Vishwam Sankaran is a former Editorial Fellow with The Next Web, currently based in Bangalore, India. Vishwam Sankaran is a former Editorial Fellow with The Next Web, currently based in Bangalore, India.
The board organizing the conference on Neural Information Processing Systems – one of the world’s most noted events for researchers working on artificial intelligence – has changed the acronym used for the event’s name after attendees complained that the name contributed to an atmosphere of sexism.
The event attended by machine learning researchers and statisticians has been a major recruiting ground for companies and labs working on AI. For the past 30 years, the conference has been called NIPS – which is both a slur against Japanese people, and a sexualized term for women’s nipples. Following the complaints, it has been renamed to NeurIPS.
Triggers that led to name change
The misconduct and sexism in the conference gained prominence after some attendees were reportedly discomforted that a female contortionist was hired to perform at a private party held by a conference sponsor.
Gizmodo reported that the issue gained prominence mainly after attendees complained that last year’s conference was preceded by an unofficial pre-conference named ‘TITS.’
Kristian Lum, a data scientist who attended the conference last year, also reported in her blog post that a band that comprised of famous machine learning researchers performing at the closing party made jokes about sexual assault. Writing about the sexist academics, she further noted:
I was completely unsurprised to learn that a person involved in making the troubling comments is a well-respected academic who is widely known to behave inappropriately at conferences.
Initial resistance to name change
The board that runs the conference initially refused to change the name from NIPS, and noted that it focused “on more tangible steps to promote inclusion and diversity.” In an open letter published last month, it reported:
Following several well-publicized incidents of insensitivity at past conferences, and our acknowledgement of other less-publicized incidents, we conducted community polls requesting alternative names, rating the existing and alternative names, and soliciting additional comments.
After extensive discussions, the NIPS Board has decided not to change the name of the conference for now.
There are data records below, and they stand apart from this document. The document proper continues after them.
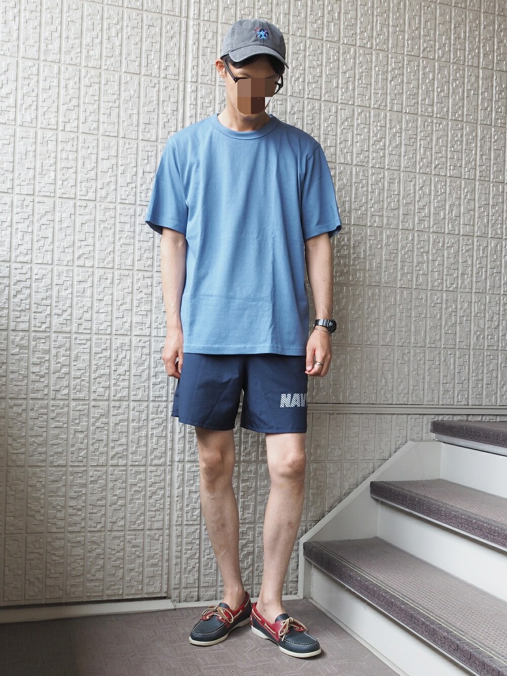 GUのコットンTシャツに、NewbaranceのUSNAVYトレーニングショーツ。 足元はUSユーズドのSEBAGOのデッキシューズで。
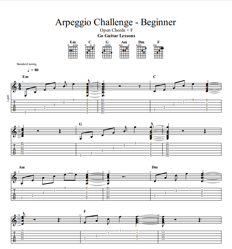 If you're a beginner learning how to play open and introductory-level chords, this challenge is a great starting point! It focuses on chord clarity by having you arpeggiate the chords and ensuring that each note rings out cleanly.
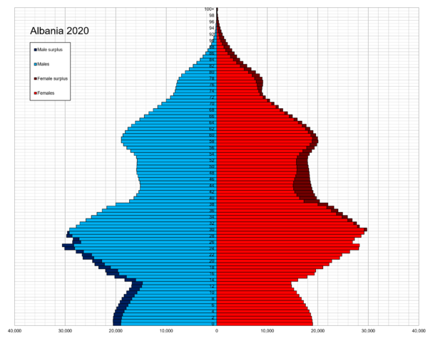 Алба́ния (алб. Shqipëria), полная официальная форма — Респу́блика Алба́ния[5] (алб. Republika e Shqipërisë [ɾɛpuˈblika ɛ ʃcipəˈɾiːs]), — государство в западной части Балканского полуострова. Население, по данным Института статистики Албании на 1 января 2022 года, составляет 2 793 592 человека[2], территория — 28 748 км². Занимает 139-е место в мире по численности населения и 139-е по территории. Основная религия — ислам, около 64 % населения — мусульмане-сунниты.
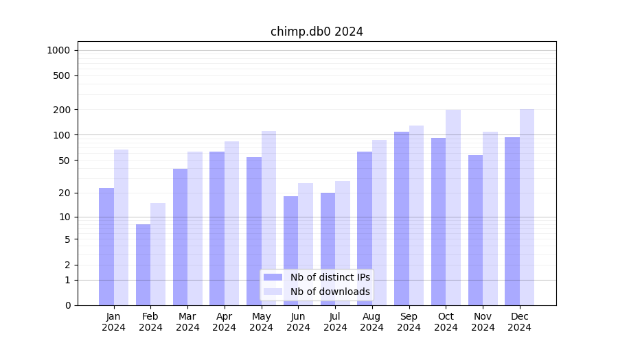Number of downloads for annotation package chimp.db0, year by year, from 2025 back to 2014 (years with no downloads are omitted):
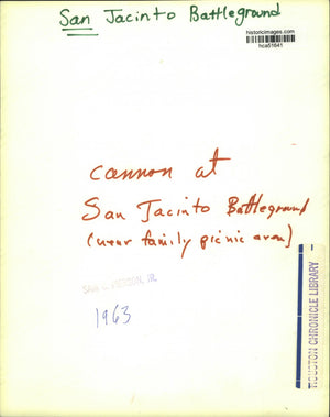 1963 Press Photo Cannon near picnic area at San Jacinto Battleground, Texas
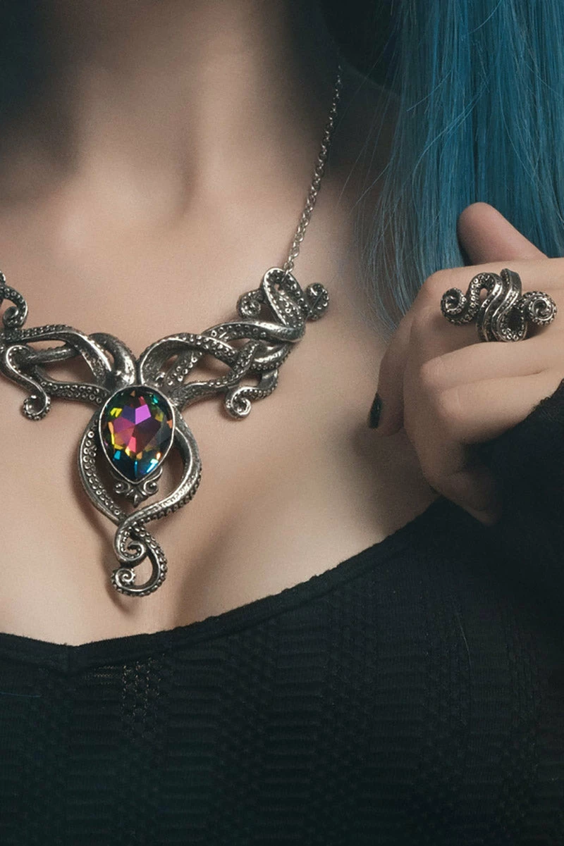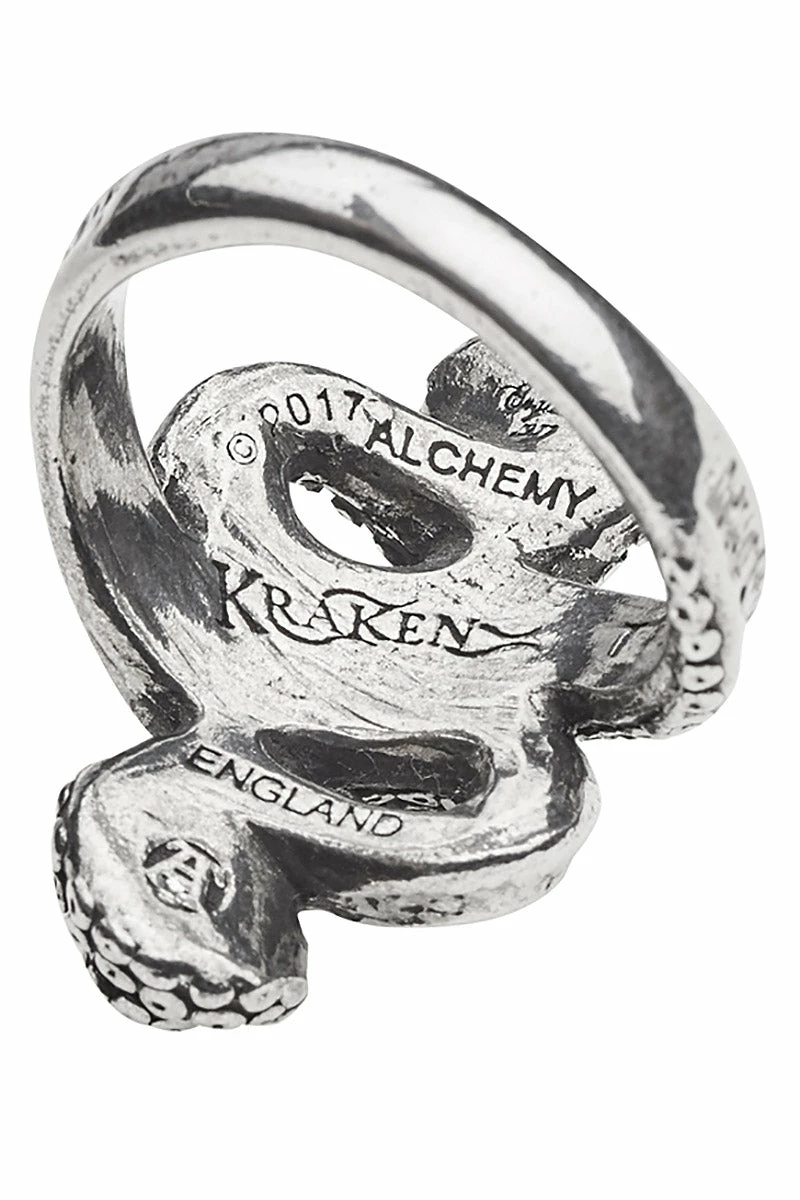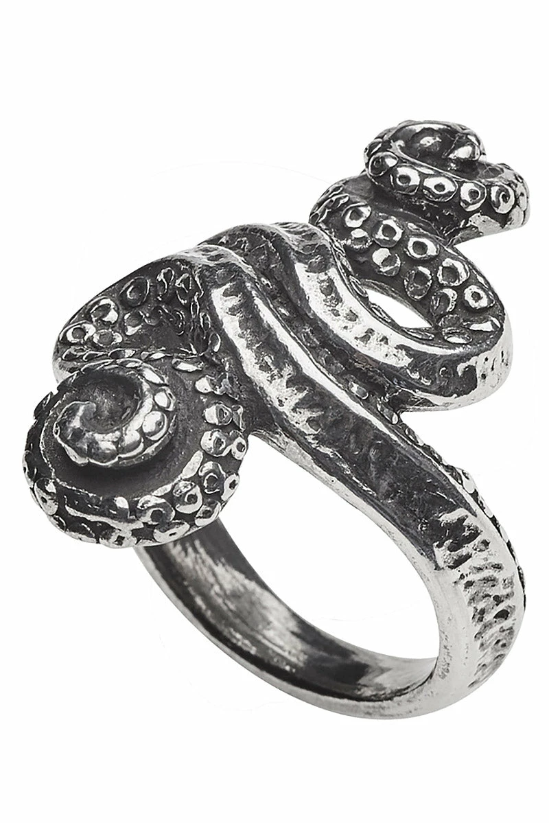 Invoke ancients of the deep with this gorgeous tentacle ring, inspired by the Kraken! Made of premium pewter, this steampunk ring features textured tentacles that wrap around the finger. Make dark waves in the aged wash and polished finish. Perfect for sea monsters and sirens.Â

The poll itself did not yield a clear consensus on a name change or a well-regarded alternative name.
But after many vocal critics led a social media campaign with #ProtestNIPS and a Change.org petition signed nearly 2,000 times, the board seems to have sought compromise.
Startup withdraws sponsorship from the world's highest profile AI conference amid furore over its name: NIPS. Background: https://t.co/EYeWw8UTAl #protestNIPS https://t.co/ynG5PSieEm
— Tom Simonite (@tsimonite) November 1, 2018
I cannot understand why they don't just change the name. It seems like the only argument against it is "I don't want to modify my behavior even slightly even though it makes others very uncomfortable." #ProtestNIPS https://t.co/mqCeOrsCse
— Jon Kaufman (@JPKscience) October 25, 2018
It was only on November 16 that the board conceded to a name change to NeurIPS:
Something remarkable has happened in our community. The name NeurIPS has sprung up organically as an alternative acronym, and we’re delighted to see it being adopted. Indeed, one forward-thinking member of the community purchased neurips.com and described the site’s purpose as “…host[ing] the conference content under a different acronym… until the board catches up.”
We’ve caught up! We were considering alternative acronyms when the community support for NeurIPS became apparent. We ask all attendees this year to respect this solution from the community and to use the new acronym in order that the conference focus can be on science and ideas.
Success was not easy
Thank you everyone for your overwhelming support for #protestNIPS I wish we could have started with a clean slate and done away with problematic legacy, but this is a compromise. I hope we can all continue to work towards better inclusion in #ml https://t.co/izWOVOMwXD
— Anima Anandkumar (@AnimaAnandkumar) November 17, 2018
Anima Anandkumar, a Caltech professor and director of machine learning research at Nvidia who started the Change.org petition, told Gizmodo that she was subject to trolling and harassment on social media when she pushed for the name change. She added that senior male members of the AI research community instructed female researchers working with them not to sign the petition.
While tech conferences, in general, still have miles to go to make platforms more inclusive and harassment-free, it’s good to see that activists were able to positively influence the NeurIPS conference. Hopefully, others will learn from this and address the issues plaguing their events.